On 10/14/16, David Wolfskill <david at catwhisker.org>
wrote:> Happy Friday, indeed.
>
> It seems to me that the data need a bit of cleamup before attempting to
> parse -- for example, that "F" looks to be improperly delimited
by ':'
> on either side.  I can't tell from a single example if that's
typical
> (either for that field, or for random fields throughout the complete
> dataset).  On the off-chance it's the former, here's a bit of
exercise
> that may lead you a bit closer to a solution:
>
> First, starting with "ugly":
>
>> ugly <- c("Water temp:14: F Waterbody type:Permanent Lake/Pond:
Water
>> pH:Unkwn: Conductivity:Unkwn: Water color: Clear: Water turbidity:
clear:
>> Manmade:no  Permanence:permanent:  Max water depth: <3: Primary
substrate:
>> Silt/Mud: Evidence of cattle grazing: none: Shoreline Emergent Veg(%):
>> 1-25: Fish present: yes: Fish species: unkwn: no amphibians
observed")
>> ugly
> [1] "Water temp:14: F Waterbody type:Permanent Lake/Pond: Water
pH:Unkwn:
> Conductivity:Unkwn: Water color: Clear: Water turbidity: clear: Manmade:no
> Permanence:permanent:  Max water depth: <3: Primary substrate: Silt/Mud:
> Evidence of cattle grazing: none: Shoreline Emergent Veg(%): 1-25: Fish
> present: yes: Fish species: unkwn: no amphibians observed"
>
> # First, see what a naive strsplit() does:
>
>> strsplit(ugly, ":")
> [[1]]
>  [1] "Water temp"                  "14"

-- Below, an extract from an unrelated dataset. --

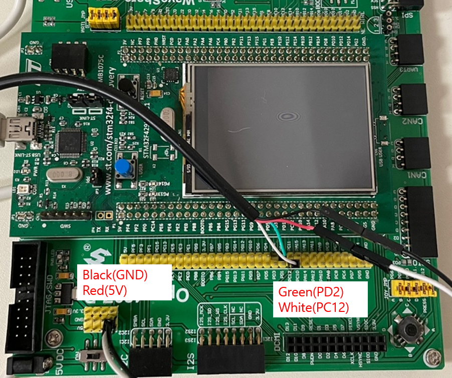 그림 1에 5V 연장선의 백색 케이블은 UART 케이블의 적색 케이블과 연결되있음을 잊지 말자!

>  [3] " F Waterbody type"           "Permanent
Lake/Pond"
>  [5] " Water pH"                   "Unkwn"
>  [7] " Conductivity"               "Unkwn"
>  [9] " Water color"                " Clear"
> [11] " Water turbidity"            " clear"
> [13] " Manmade"                    "no  Permanence"
> [15] "permanent"                   "  Max water depth"
> [17] " <3"                         " Primary
substrate"
> [19] " Silt/Mud"                   " Evidence of cattle
grazing"
> [21] " none"                       " Shoreline Emergent
Veg(%)"
> [23] " 1-25"                       " Fish present"
> [25] " yes"                        " Fish species"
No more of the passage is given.